The problem is one of maintaining readable and tidy history when trying to maintain a fork. A standard git merge won't suffice. Since my fork's history contains changes that were never included upstream, git merge will generate nasty merge commits even when all the most recent changes from upstream apply cleanly. git cherry-pick is great for grabbing one or two commits from upstream but is cumbersome when you want to grab a dozen. I'm sure there's some way to pipe git rev-list or git log into git cherry-pick, but even if I figure it out the command will neither be simple nor easily remembered.
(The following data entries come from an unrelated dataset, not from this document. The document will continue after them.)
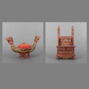 Gesneden en beschilderd houten dekselpot voorzien van twee zeemonsters, daarbij: kleine gesneden en beschilderd houten spiegelstandaard, Indonesië -spiegel ontbreekt-, 36 x 59 x 20 en 60 x 33 x 19,5 cm
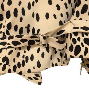 Features: Zip front closure, animal print, sleeveless, adjustable tie-back, lined
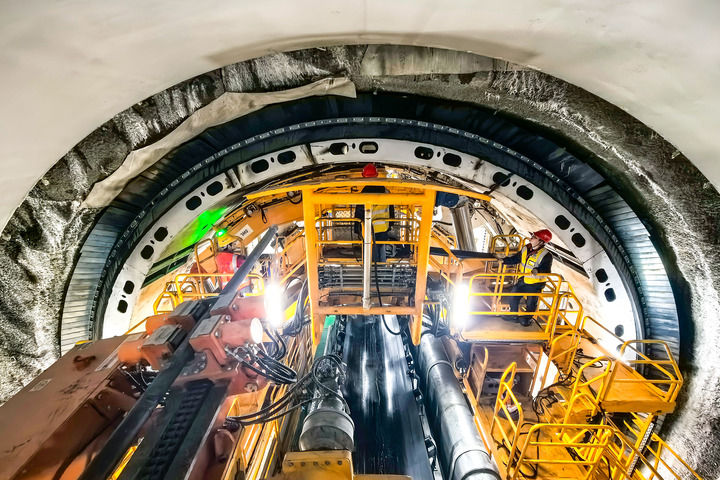 这是2025年1月5日拍摄的引江补汉工程首台双护盾硬岩掘进机“江汉安然号”掘进施工现场。记者 肖艺九 摄。
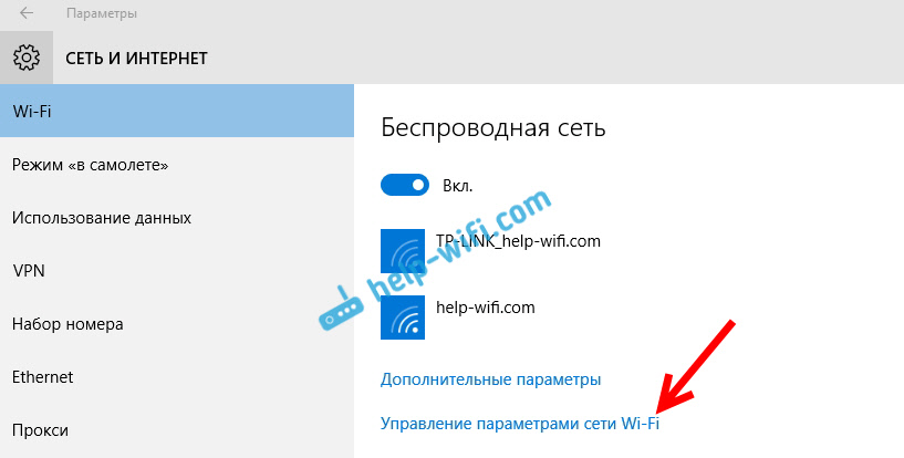 В сетевых параметрах, в разделе Wi-Fi, нажмите пункт «Управление параметрами сети Wi-Fi».
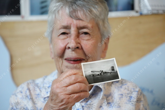Dorothy Dean with her photo of the Ansett Plane that flew from Essendon Airport to Hamilton in 1956.
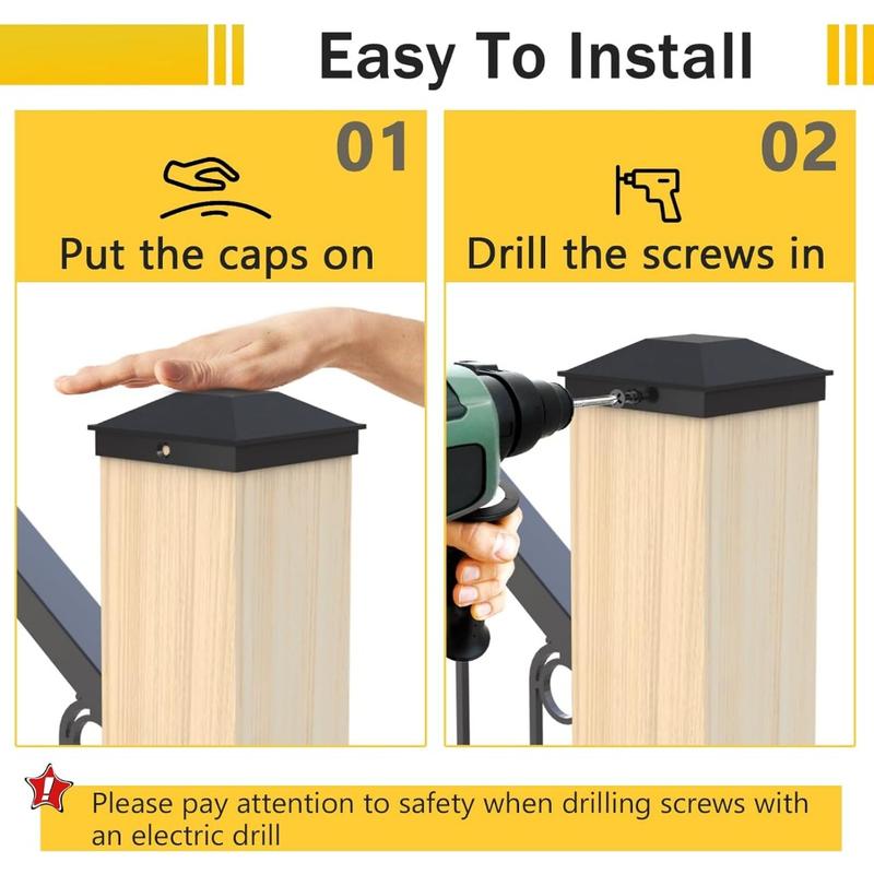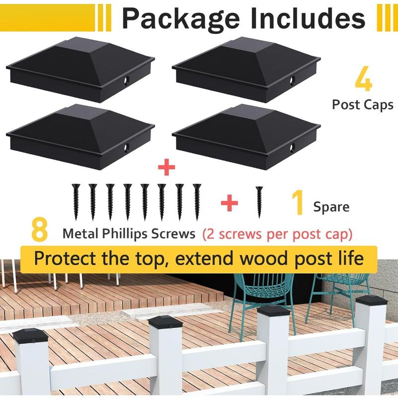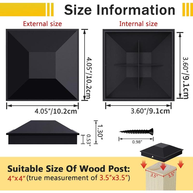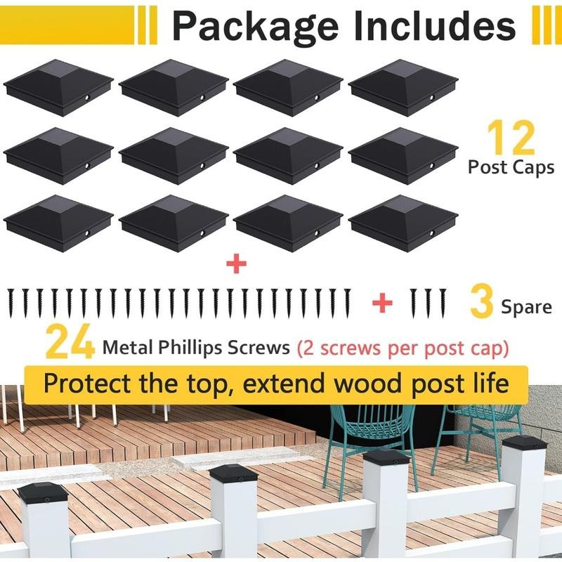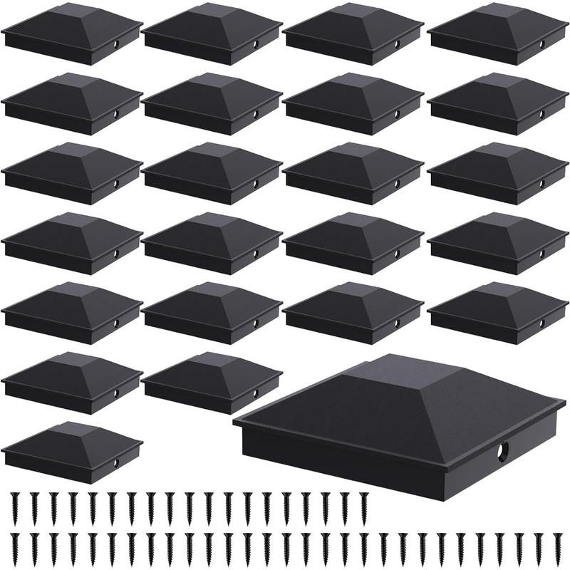 4x4 Post Caps Black(Actual 3.5" x 3.5"), 4 Pack Fence Post Caps with 8 Screws and Easy Installation, Sturdy Waterproof Plastic Deck Post Caps with Frosted Finishing Touch, Protect Wood Post - Package Quantity: 24

The solution is clever use of git rebase --onto. Observe.
I have two branches named master and py24 with the following histories:
[master] tilgovi@vissarion:~/src/gunicorn$ git log --oneline -8
19ab06c Update Python 2.4 installation note.
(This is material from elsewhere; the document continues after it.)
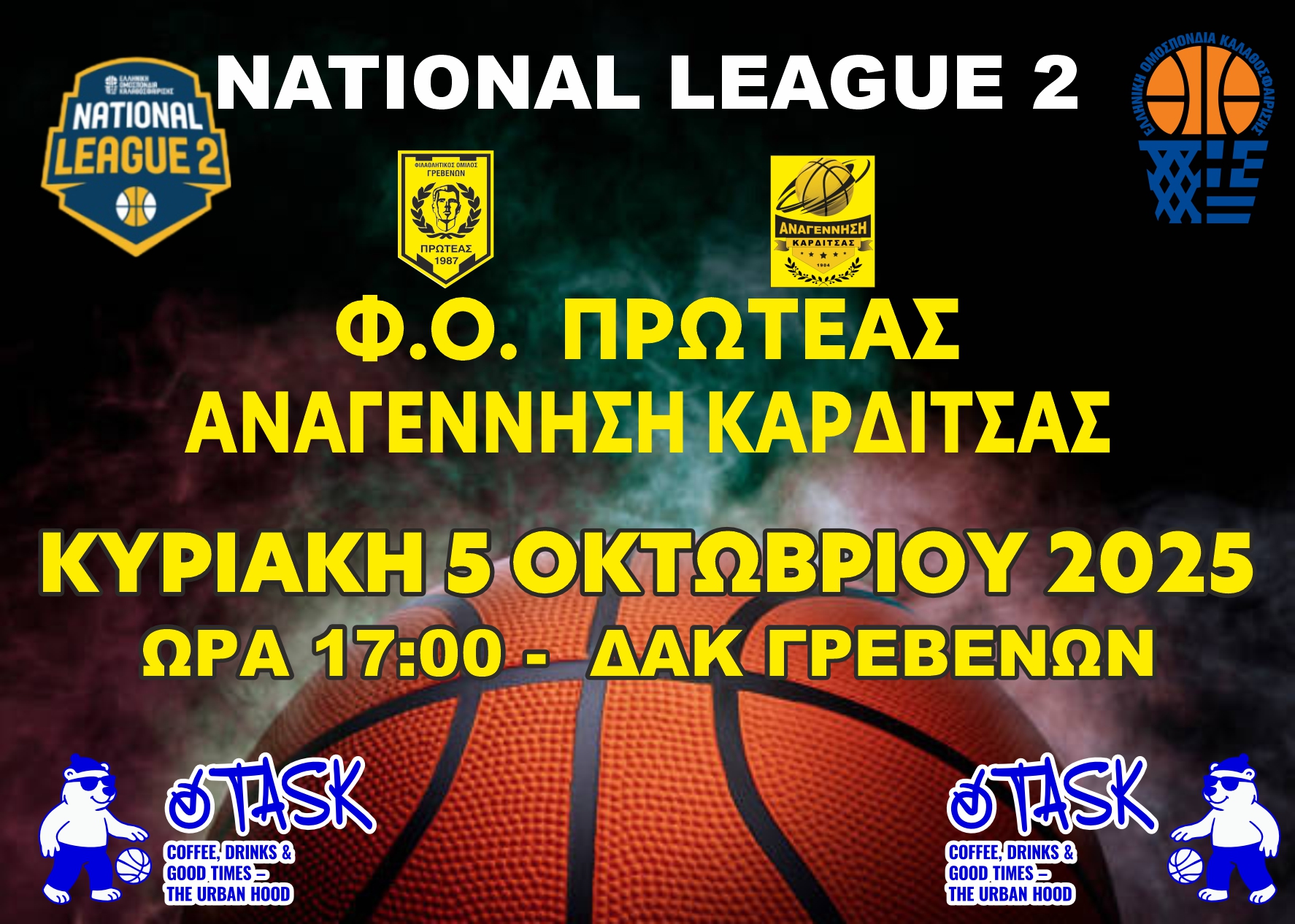 Την Αναγέννηση Καρδίτσας θα αντιμετωπίσει ο Φ.Ο. Πρωτέας Γρεβενών την Κυριακή 5 Οκτωβρίου και ώρα 17:00 στο ΔΑΚ Γρεβενών, για την πρεμιέρα της National League 2.
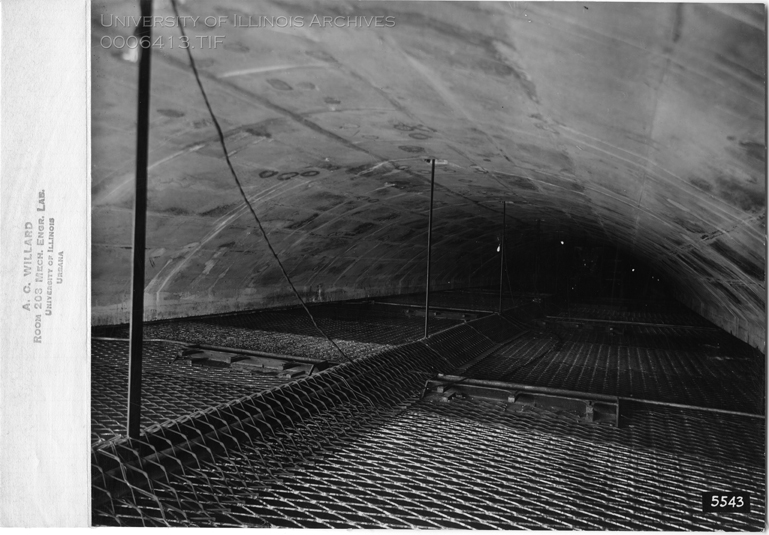 View of form for ceiling slab before concreting, showing steel reinforcing, hangers, and air ports in position. Booth & Flinn, Ltd., Contractor. Camera located in Ring No. 2, north tunnel, at northeast corner of form, looking west."

93ad20e Minor white space and ordering fixes for my CDO
eca6fad Output config if debug loglevel is set
7acfe5c Update documentation to reflect changes in aca70fb
e99a384 Initialize logging before setup since setup can emit warnings to log
0d67447 Add pre/post request hooks
aca70fb allows worker_class uri shortcut. It's now possible to do :
dbd66b6 work around evdns not playing well with fork
[py24] tilgovi@vissarion:~/src/gunicorn$ git log --oneline -3
0a5f7b3 Merge branch 'master' into py24
c52efd5 Clean up minor differences from upstream
dbd66b6 work around evdns not playing well with fork
The last commit (dbd66b6) I've shown from the history of master has already been merged into py24 (I hadn't yet figured this trick out), and so it will serve as our starting point. Now that I've read the documentation and figured out how to do this cleanly the commands actually seem quite natural.
What we would like is to use git rebase to replay the differences between dbd66b6 and master on the end of py24. In order to not mangle master, we need to check out a new branch.
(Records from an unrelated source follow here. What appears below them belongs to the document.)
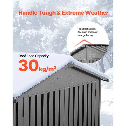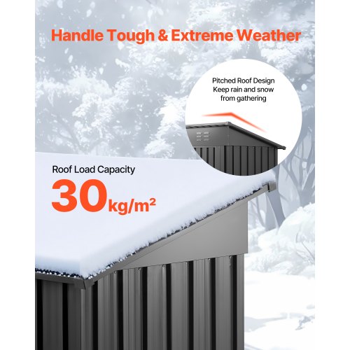 VEVOR Metall Gerätehaus, Geräteschuppen mit abschließbaren Türen & 4 Lamellenlüftungen, Gartenhaus mit Spitzdach, Lagerschuppen für Hinterhof, Garten, Terrasse, Fahrrad, 1860x1210x1841 mm
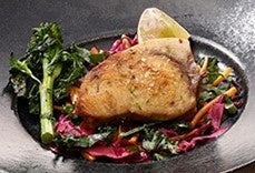 マリネしたメカジキを低温でじっくり加熱してふっくら柔らか、香り高く仕上げました。菜の花と優しい酸味のテクス・メクスコールスローを彩りよく添えて。
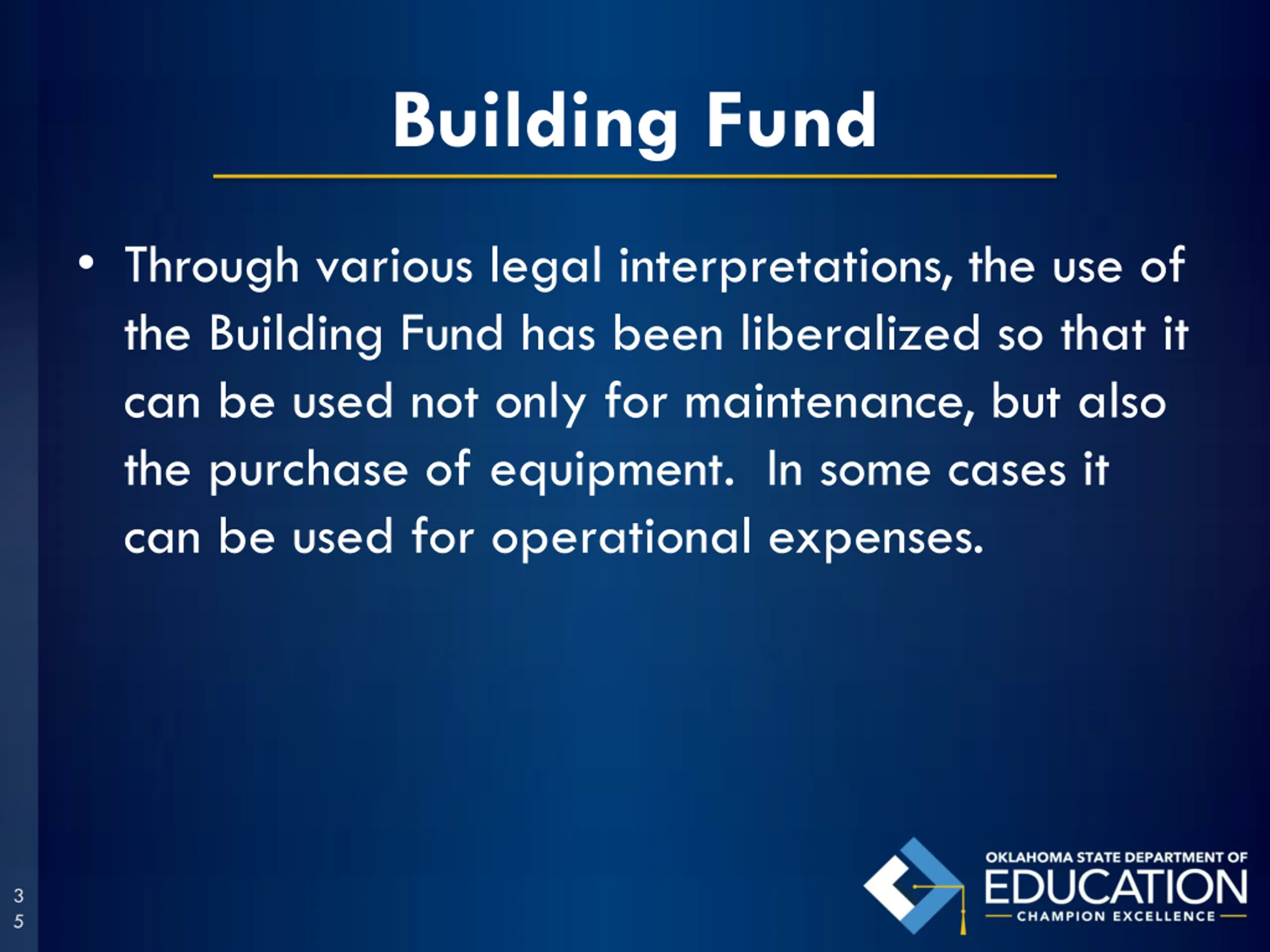 Building Fund Through various legal interpretations, the use of the Building Fund has been liberalized so that it can be used not only for maintenance, but also the purchase of equipment. In some cases it can be used for operational expenses. 3 5

[py24] tilgovi@vissarion:~/src/gunicorn$ git checkout master --no-track -b rebasing
Switched to a new branch 'rebasing'
The git rebase <upstream> command rewinds back to a common ancestry point of <upstream> and the current branch and replays the current branch's changes on top of the newest <upstream>. It is useful for getting upstream changes when <upstream> is a moving target like a remote branch. In our case, dbd66b6 is a commit that's an ancestor of our rebasing branch so git rebase dbd66b6 would actually do nothing by itself.
[rebasing] tilgovi@vissarion:~/src/gunicorn$ git rebase dbd66b6
Current branch rebasing is up to date.
However, in this case we want to replay the changes since dbd66b6 on top of py24. The --onto option of git rebase will do just this.
[rebasing] tilgovi@vissarion:~/src/gunicorn$ git rebase --onto py24 dbd66b6
First, rewinding head to replay your work on top of it...
Applying: allows worker_class uri shortcut. It's now possible to do :
Applying: Add pre/post request hooks
Applying: Initialize logging before setup since setup can emit warnings to log
Applying: Update documentation to reflect changes in aca70fb
Applying: Output config if debug loglevel is set
Applying: Minor white space and ordering fixes for my CDO
Applying: Update Python 2.4 installation note.
We've just cherry-picked all the changes between dbd66b6 and master, but we did so as though we were on the py24 branch! Look!
[rebasing] tilgovi@vissarion:~/src/gunicorn$ git log --oneline -10
3836ac0 Update Python 2.4 installation note.
0eeb6d0 Minor white space and ordering fixes for my CDO
c1de2be Output config if debug loglevel is set
66040b8 Update documentation to reflect changes in aca70fb
e4b468b Initialize logging before setup since setup can emit warnings to log
fb56182 Add pre/post request hooks
698dee8 allows worker_class uri shortcut. It's now possible to do :
0a5f7b3 Merge branch 'upstream' into py24
c52efd5 Clean up minor differences from upstream
dbd66b6 work around evdns not playing well with fork
Now all we need to do is fast-forward py24 through these new commits from rebasing. Then we can drop our rebasing branch and call it a day.
[rebasing] tilgovi@vissarion:~/src/gunicorn$ git checkout py24
Switched to branch 'py24'
[py24] tilgovi@vissarion:~/src/gunicorn$ git merge rebasing
Updating 0a5f7b3..3836ac0
Fast-forward
doc/htdocs/install.html | 2 +-
doc/site/install.rst | 2 +-
gunicorn/arbiter.py | 17 ++++++---
gunicorn/config.py | 85 ++++++++++++++++++++++++++++++--------------
gunicorn/util.py | 8 ++++-
gunicorn/workers/async.py | 2 +
gunicorn/workers/sync.py | 2 +
7 files changed, 83 insertions(+), 35 deletions(-)
[py24] tilgovi@vissarion:~/src/gunicorn$ git branch -d rebasing
Deleted branch rebasing (was 3836ac0).
The result is that we cleanly placed all the new upstream changes onto our fork. Our revision history is clean and readable and life is beautiful.